1.2.4. Single Version of Facts

While the goal of the “single version of truth” is to provide an integrated, cleansed version of the organizational information, that is, the aggregated and condensed data in a given context, “the single version of facts” goal is to provide all the data, all the time. In such case, the EDW should store and potentially provide all raw data that is critical for the mission of the organization (see next section). The lead author of this book was one of the first people in the data warehousing industry to promote this idea, especially due to compliance issues. Eventually, it led to the invention of Data Vault and is a key principle in Data Vault 2.0 modeling and is implemented in the Raw Data Vault.

The single version of facts is also important under auditing and compliance requirements, which is covered in section 1.2.10. We will learn later in this book that Data Vault based EDWs provide both versions: the single version of truth and the single version of facts.

1.2.5. Mission Criticality

Due to the importance of the data warehouse as the basis for strategic business decisions, the central data warehouse has become a mission-critical corporate asset. Furthermore, data warehouses not only provide aggregated data for business decisions; they also feed enriched information back to operational systems to support the processing of transactions, to create personalized offers and to present upsell promotions [16, p9].

Mission criticality also requires a specific level of quality of the data warehouse data [12, pxxv]. If source systems don’t provide the raw data in the required quality, it is the job of the data warehouse to fix any data quality issues and improve the data quality by means of data cleansing, data integration or any other useful methods.

1.2.6. Scalability

Scalability is the ability of the data warehouse architecture to adapt to higher data volumes and an increasing number of users’ requests that have to be met [17, p7]. The architecture should be built in a way that supports adding more data, not only more data volume, but also more complex data. If the data volume grows over the capabilities of the hardware, it should be possible to distribute the data warehouse across multiple machines and fully use the capabilities of the added hardware. This concept is called massively parallel processing (MPP). If the architecture is not scalable, adding more hardware has no or only minimal effect when reaching a certain level of build-out.

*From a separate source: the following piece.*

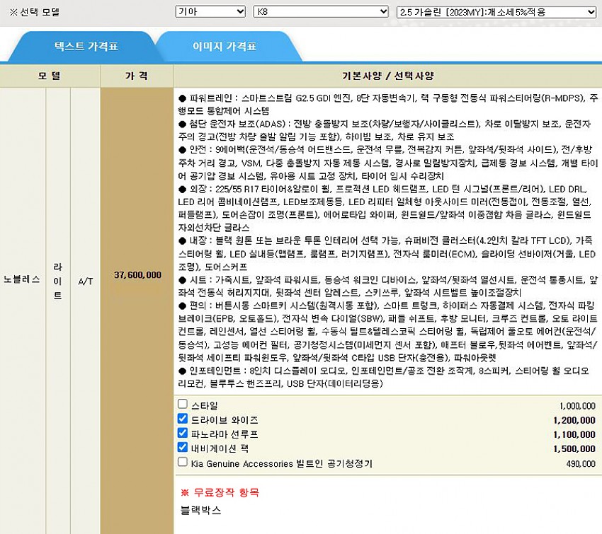 ▶ 차종 및 등급 : 기아 K8 2.5 가솔린 / 노블레스 라이트 2023MY

Another problem in data warehousing is that changing the data warehouse is often complex because of existing dependencies. While building the first version of the data warehouse was easily done, the second version takes more time. This is because the architecture of the data warehouse was not built with those changes in mind.

Section 1.4 discusses several data warehouse architectures. We will propose an alternate architecture in Chapter 2, Scalable Data Warehousing Architecture. The advantage of this architecture lies in its scalability regarding the absorption of changes to the data model, among other advantages.

1.2.7. Big Data

Big data is not only “a lot of data” or “more data that I can handle.” We define big data as data having three characteristics: volume, velocity and variety.

The first characteristic is volume. What someone calls “big data” often means that the data is much more than this person is used to handling. However, this statement is highly subjective. Big data for one person or one company might be one gigabyte of raw data but this is rather small data for a person who loads terabytes or even petabytes of data. Loading data in real-time has different requirements and therefore a different definition of big data than loading data in nightly batches or near real-time (near real-time means that the data from operational systems is available in the data mart within a time frame of typically 15 minutes). The definition of big data also depends on the hardware available to the data warehouse.

The second characteristic of big data is velocity. It is not only that there is a lot of static data available in the source systems. Loading this data can become a complex task. However, data stored in an operational system is changing frequently. The more data that is available in a source system, the more changes are applied to it. Therefore, the typical big data project has to deal with lots of updates, data changes or new data that is added to the source system.

The third characteristic is variety. Big data often doesn’t have the same structure. Instead, the data structures of big data might change over time or, such as in “unstructured” datasets (e.g., texts, multimedia), has no ordinary structure at all: instead of using columns and rows as relational tables, unstructured datasets use other types of structures, such as linguistic structures. From a computing standpoint, these structures are considered unstructured because the structure is not as obvious as in relational tables. In other cases, there are data from so many different small data sources that the sum of this data is “big data” with high variety in data structures.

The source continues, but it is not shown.